In 1977, David McPhail, then a young producer with the New Zealand Broadcasting Corporation, pitched an idea for a satirical comedy show to air on its second channel, South Pacific Television.
The response from his superiors was that it was a terrible idea because New Zealanders do not have a sense of humour as they are staunch sensible people who don't like laughing, and certainly don't like laughing at themselves.
Luckily, he ignored that and went on to make A Week of It - which was followed by McPhail and Gadsby
“I was told there was no place for satire, New Zealanders didn’t really have a sense of humour, and besides we had no right to make fun of public figures.
“As the project I was pitching required all of those it did seem to be a bit of a lost cause", he told Jesse Mulligan.
Eventually he was granted a pilot and then six shows.

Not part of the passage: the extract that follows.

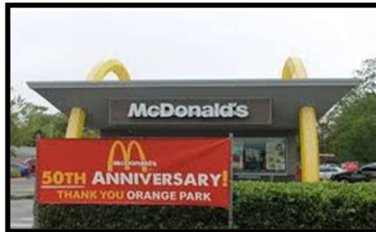
McDonald's, 428 Park Avenue & 372 Blanding Blvd., Orange Park

"I have a suspicion that they just wanted to shut me up. They allowed me to make one pilot which they accepted and allowed me to make six shows, which they placed at the wonderful time of 10.30pm at night, when the majority of New Zealand was asleep.”
A Week of It used satirical techniques common overseas at the time but new to New Zealand, which was impersonating public figures. It was a slow burner, McPhail says.
“People didn’t know quite what to make of it, they didn’t know if it was a news programme or what.”
One impersonation in particular resonated, he says.
“And for that I’m thankful for the presence of one of the most dynamic, nasty, dangerous, vicious politicians in New Zealand history and that was Robert Muldoon – and also a very, very vague resemblance to him.”
He met his comedy partner John Gadsby at a party in Dunedin.
“One of those ridiculous moments in people’s lives, two people are at a party together and one group of people are saying you must meet David McPhail he’s very, very funny. Whereas in another part of the room there’s a crowd saying you must meet John Gadsby he’s very, very funny.”
A Week of It morphed into McPhail and Gadsby, but McPhail says the first series was hampered by two mistakes.
“You don’t make a sketch show that’s over a half hour long, and this one was 48 minutes long, that was the first mistake. The second mistake was you never make a 48-minute comedy show about the one topic, especially as the first show was about religion and the second was about sex.”
The show, after some pruning in length, eventually bedded in with audiences, he says.
And what of his famous Muldoon impression, what did the man himself make of it?
“He didn’t like them, but he accepted that they were useful, and this was one of the problems with the characterisations, they humanised him to some extent and I began to have severe worries about that, because it was supposed to make him look like a fool.”